1,012
Views
1
CrossRef citations to date
0
Altmetric
Articles

An approach to quantifying the plausibility of the inadvertent download defence

&
Pages 28-32 | Received 17 Jun 2016, Accepted 22 Oct 2016, Published online: 16 Dec 2016

ABSTRACT

A table of 95% confidence limits on the probabilities for randomly downloading relatively small numbers of illegal images or sensitive documents amongst a relatively large number of other images or documents has been computed. It is anticipated that these data will assist prosecution officials in arriving at a decision as to whether or not there is a reasonable likelihood of a successful criminal prosecution when the inadvertent download defence is employed in cases of possession of child pornography, terrorist material or espionage-related documents. The same data can also be used by defence counsels to assess the strength of the prosecution's case.

Introduction

Prosecutions for the possession of illegally downloaded digital material have caused serious problems for both digital forensic examiners and prosecution authorities alike for well over a decade. In previous studies based upon complexity theory [Citation1Citation5] the plausibility of the Trojan Horse Defence [Citation6Citation10] has been analysed. This defence has been successfully employed against prosecutions for the possession of large quantities child pornography (CP) images [Citation11,Citation12], but it also applies to images of terrorist material or espionage-related documents.

In this paper, we address another commonly offered defence against the possession of CP images or the illicit possession of other documents, when only a small proportion of the recovered downloaded material is illegal. One typical real-world example is the recovery of a relatively small number of CP images distributed amongst a much larger number of adult pornography (AP) or other non-CP images. In such a situation, the defence might claim that the defendant only intended to download the non-CP images, but because the website also happened to contain some CP images intermixed with the non-CP images, a few of the CP images were accidentally or unintentionally downloaded along with the intended non-CP images. This has been termed the inadvertent download defence (IDD) [Citation13] and it has become a cause for serious concern amongst law enforcement and prosecution authorities in Hong Kong, the United Kingdom and elsewhere, due to the difficulty of establishing intentionality beyond reasonable doubt in such cases.

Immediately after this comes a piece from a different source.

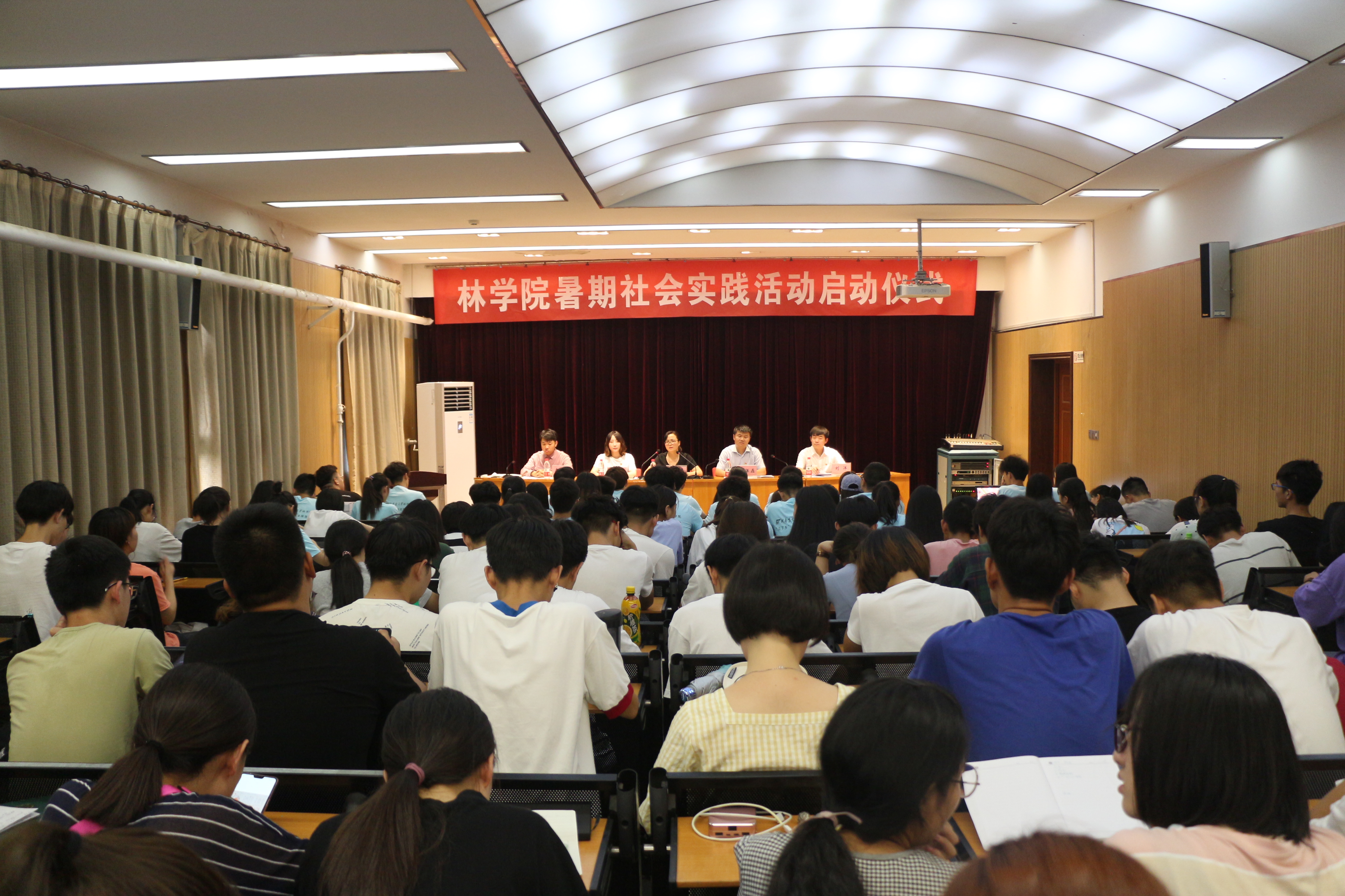 为深入学习习近平总书记系列重要讲话精神和党的十九大精神,贯彻落实习近平总书记在纪念“五四”运动一百周年大会上的讲话精神,6月28日,av直播 于2号楼四楼学术报告厅举办2019年暑期社会实践启动仪式。院党委副书记张华,院团委书记张保磊,院团委老师乔辛悦、刘洋出席了会议,各班班长支书、社会实践团队项目负责人120余人参加了会议。大会由乔辛悦主持。
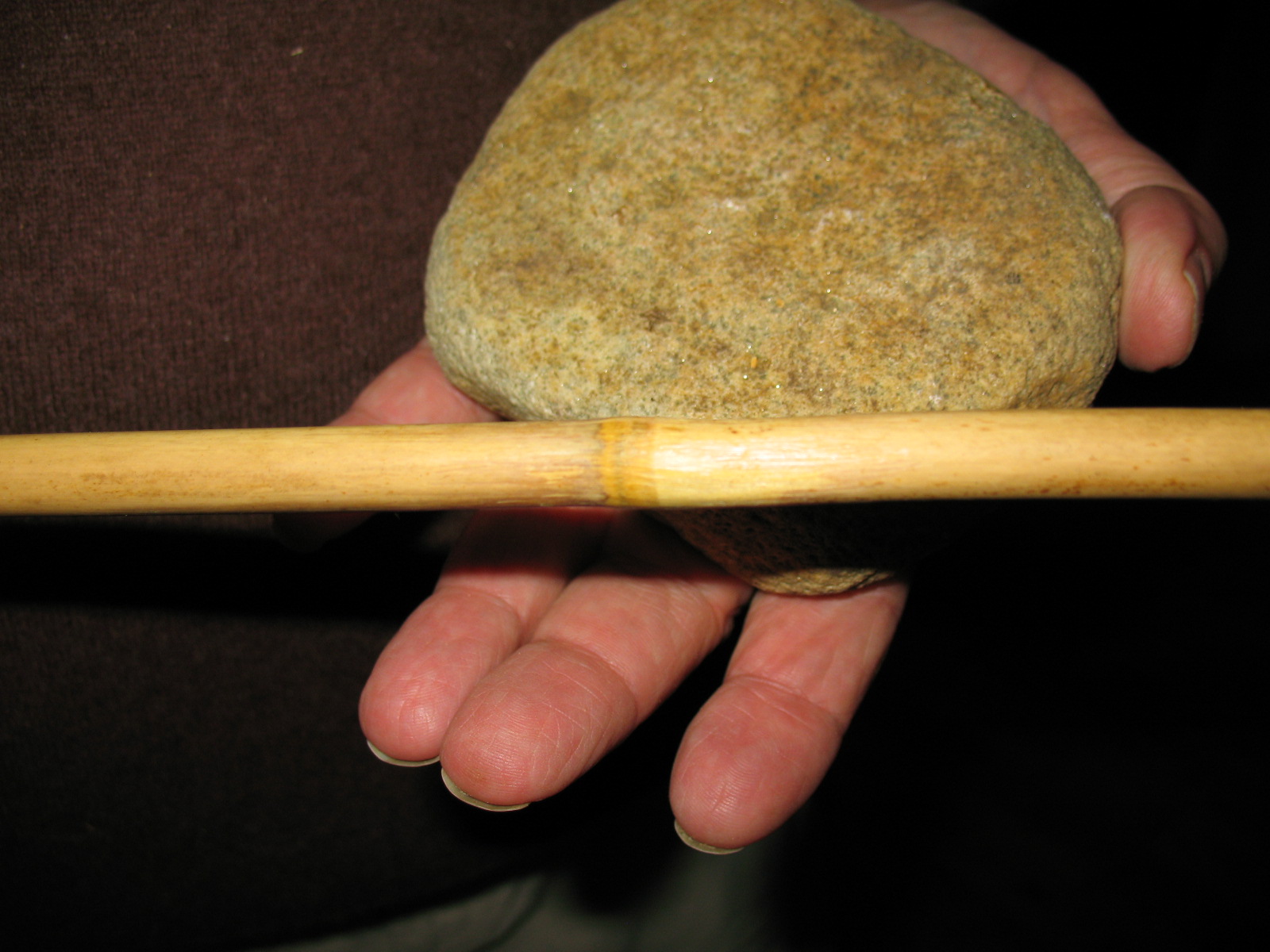 There are occasions when you may need to smooth out a surface and a scraper won’t do the job. You might, for example, be trying to remove the joint ridges from a cane arrow shaft. If you use a scraper to do this you will find that the scraper wants to remove material from the area between the joints as well as from the joint ridges. If you use a sandinging stone you will be able to sand the ridges down so that they are even with the surrounding material, and you will end up with a nice smooth arrow shaft. Pictured below: top, sanding stone and cane shaft with rough joint; middle, using sanding stone on joint; bottom, sanding stone and smoothed out cane joint.

What credence can be given to a defence such as this? More specifically, what proportion of CP images needs to be present in the download in order for the prosecution to arrive at an assessment that there is a reasonable chance of securing a conviction by refuting the IDD, ceteris paribus? Put colloquially, “once is accidental, twice is coincidental, but more than twice is intentional.” In the present paper we attempt to address these questions by means of conventional probability theory applied to a downloading scenario which has been generalized from two recent criminal cases in the Hong Kong SAR of the P.R. China. A number of simplifying but not unrealistic assumptions regarding the browsing behaviour and the downloading context of the suspect have been employed as outlined below.

Methods

Let the number of distinct downloaded CP images be nc, and the number of distinct downloaded AP or other non-CP images be na. Thus, the total number of distinct downloaded images recovered is nd = nc + na.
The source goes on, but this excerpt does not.